This is what it's actually like to run growth at a company that's burning cash. Not the version you read about in blog posts, where everything is an "exciting challenge" and the founder talks about "velocity." The real version, where you lie awake at 1 a.m. doing arithmetic in your head and wondering if the ad spend you approved yesterday was an investment or a waste.

San Francisco, January 2026

The burn wasn't always this bad. A year ago we were at $420K/month. Then we hired four engineers to build the enterprise tier (necessary), brought on a demand gen manager and two SDRs (my ask — a team we'd eventually cut entirely), and moved to a bigger office (the CEO's decision, and one I quietly disagreed with). Suddenly we're at $510K and the revenue hasn't caught up.

"We're investing in growth," the CEO says in the board meeting. She's not wrong. But there's a thin line between investing in growth and spending money you don't have on outcomes you can't guarantee, and I'm not always sure which side of that line we're on.

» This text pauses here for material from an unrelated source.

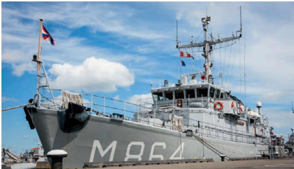
Mijnenjager Hr.Ms. Willemstad

Bij de bezoeken aan in het buitenland gelegerde eenheden werden in de gesprekken met het personeel vrijwel altijd de buitenlandtoelage en onduidelijkheid over het ‘boodschappenmandje’ gemeld als zorgpunt. Men weet niet welke criteria worden gehanteerd, waardoor men het gevoel heeft dat de normen – ondanks periodieke metingen – geen reële afspiegeling zijn van de situatie ter plaatse. De buitenlandtoelage voor bijvoorbeeld personeel in de Verenigde Staten wordt algemeen te laag gevonden. Ondanks het feit dat na eerdere klachten een onderzoek is gehouden door de Audit Dienst Defensie, waarin geconcludeerd werd dat de buitenlandtoelage volgens een juiste methodiek is berekend, geeft het personeel aan vaak tekort te komen. Men stelt dat onvoldoende rekening wordt gehouden met verschillen in kosten tussen de verschillende Staten in Amerika en het feit dat de kosten van levensonderhoud de laatste jaren sterk zijn gestegen. Als voorbeelden van de hoge kosten worden genoemd de sterke verhoging van brandstofprijzen en kosten van elektriciteit, water, kabel en primaire levensmiddelen zoals brood en groente. Aangegeven wordt dat ondanks het feit dat het enthousiasme voor het werk bij het personeel hoog is, veel medewerkers een plaatsing in het buitenland om financiële redenen afwijzen. De zorg wordt geuit dat de kwaliteit van het werk in de Verenigde Staten onder druk zal komen te staan als niet de juiste mensen op functies in het buitenland solliciteren.

The board member who worries me most — a partner at the fund that led our Series C — asks the question I've been dreading: "What's your CAC payback period?"

I answer because this is my number. "Fourteen months for direct sales. Twenty-two months for channel partnerships. Blended: sixteen."

"And your runway is?"

"Fourteen months."

He doesn't say anything. He just writes something in his notebook. But the math is obvious to everyone in the room: our CAC payback period is longer than our runway. We're paying to acquire customers whose unit economics don't turn positive before the money runs out.

Our CAC payback period is longer than our runway. We're paying to acquire customers whose unit economics don't turn positive before the money runs out.
The Growth Team Offsite, February 8, 2026

I take my team — six people, the largest growth team I've ever managed — to a conference room at a coworking space because our office conference rooms have glass walls and I don't want anyone to see what's on the whiteboard.

What's on the whiteboard is a list of everything we spend money on, ranked by CAC payback period:

Google Ads: $68K/month. CAC payback: 11 months. Our best channel by unit economics, but we've hit a ceiling. We've been at $68K for three months and increasing spend just drives up CPC without proportional conversion gains. The market is saturated.

LinkedIn Ads: $31K/month. CAC payback: 19 months. This is the one that hurts. LinkedIn is where our buyers live. The targeting is precise. The leads are qualified. But the cost per click is $14.70 and rising, and the conversion rate from click to demo is 1.8%. The math doesn't work at scale.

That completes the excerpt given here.